Task brief: Please print the line that holds "Retiramos la hoja" and each line after it to the end of the data, word for word, without any pictures.

BEGIN Input data

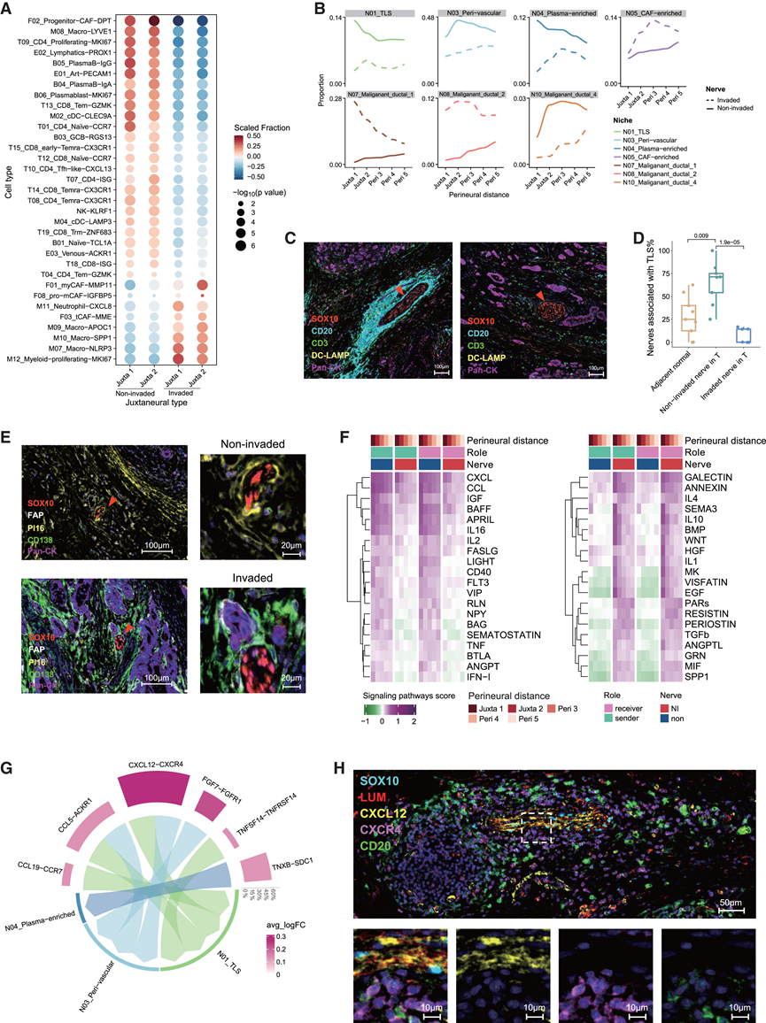 (A) 点状图热图显示在侵袭性或非侵袭性近神经微环境中显著富集的亚聚类。(B) 从距离神经最远的点到与神经相邻的最近点的5个点的空间微环境比例。(C) mIHC 染色显示了代表性未侵入神经和代表性侵入神经周围的微环境。(D)箱线图显示9对相邻正常和肿瘤组织(T)样本中与TLS(距神经边界100 μm以内)相关的未受侵袭神经或受侵袭神经的百分比。(E) mIHC 染色分析。(F) 热图显示了由 COMMOT 计算的信号通路评分。(G) Circos 图显示非侵袭神经(发送者)产生的配体与 2 个点范围内的空间位点(接收者)产生的配体之间的配体-受体对。(H) mIHC 染色显示 PDAC 肿瘤切片 PA#47 中 LUM +成纤维细胞和未侵入神经周围的CXCR4 + CD20 + B 细胞表达 CXCL12。
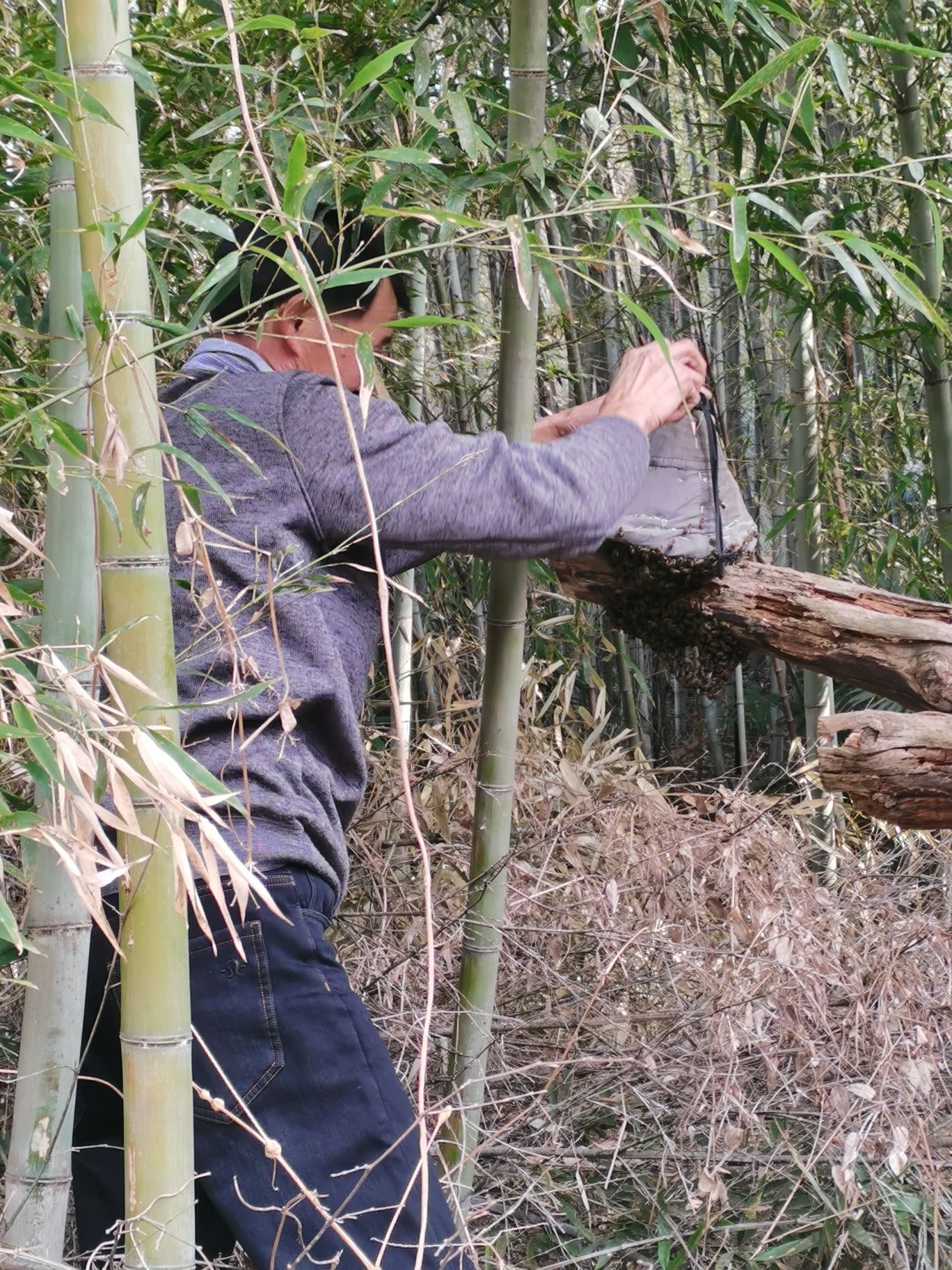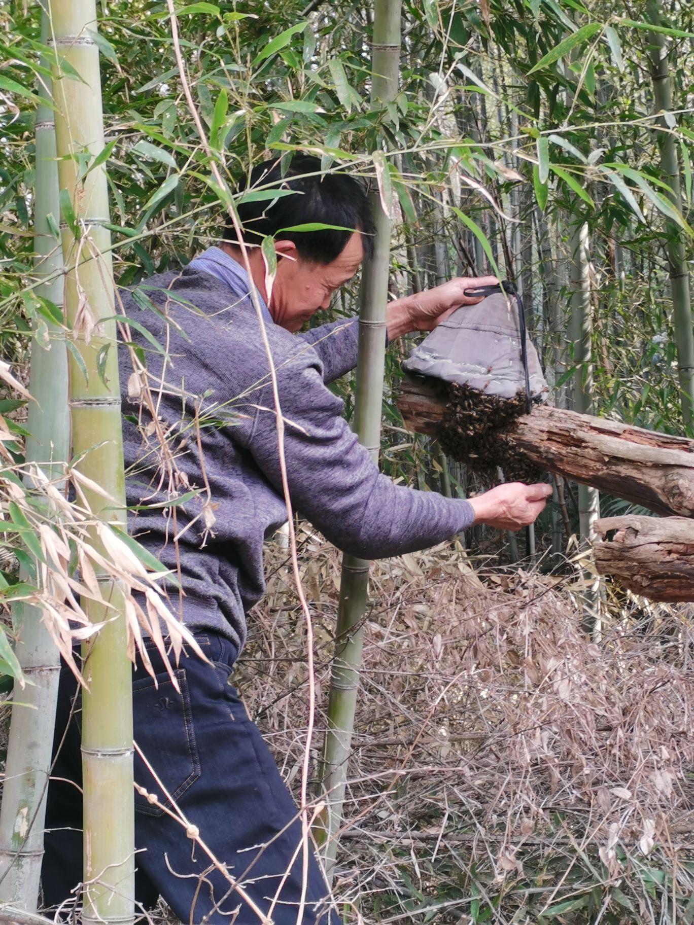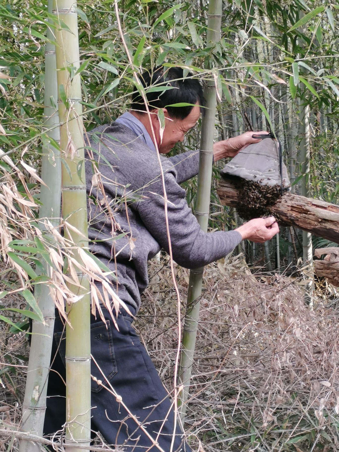 家门口,看爸爸收从别处跑来的土蜂子,原来是用这个像帽子一样的工具慢慢的收进来的,再放到蜂箱里面,长见识了
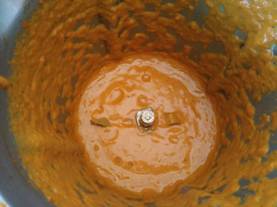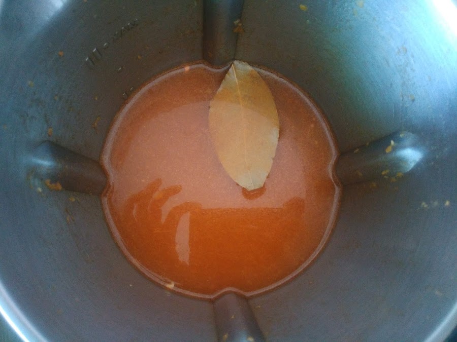 Retiramos la hoja de laurel y trituramos la salsa a vel 5 durante 1 min, o esperamos a que enfríe ligeramente para poder triturar a vel progresiva 5-8.
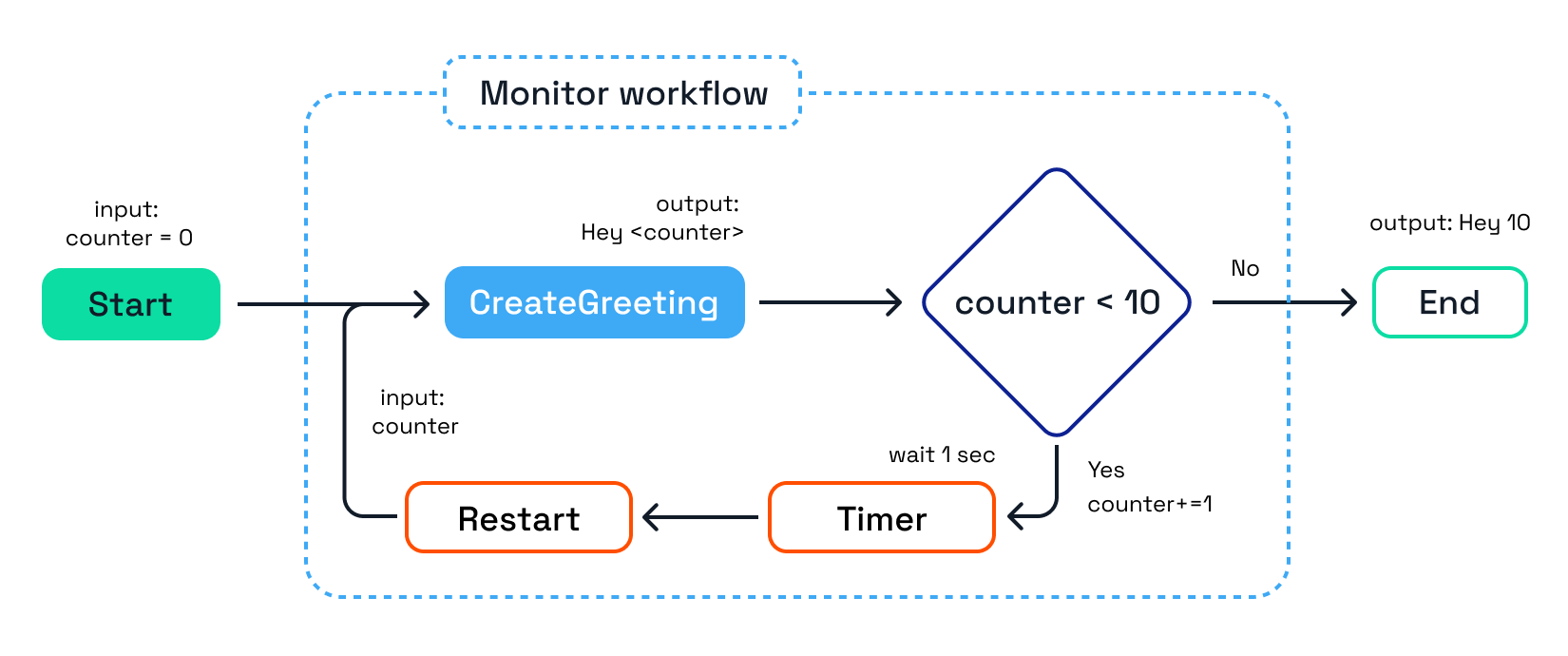 }Note that restarting the workflow is done by calling the ContinueAsNew method. This instructs the workflow engine to restart the workflow as a new instance without the previous (replay) data. The updated counter value is passed in as the input argument of the workflow.

END Input data

Solution to the problem:
 Retiramos la hoja de laurel y trituramos la salsa a vel 5 durante 1 min, o esperamos a que enfríe ligeramente para poder triturar a vel progresiva 5-8.
 }Note that restarting the workflow is done by calling the ContinueAsNew method. This instructs the workflow engine to restart the workflow as a new instance without the previous (replay) data. The updated counter value is passed in as the input argument of the workflow.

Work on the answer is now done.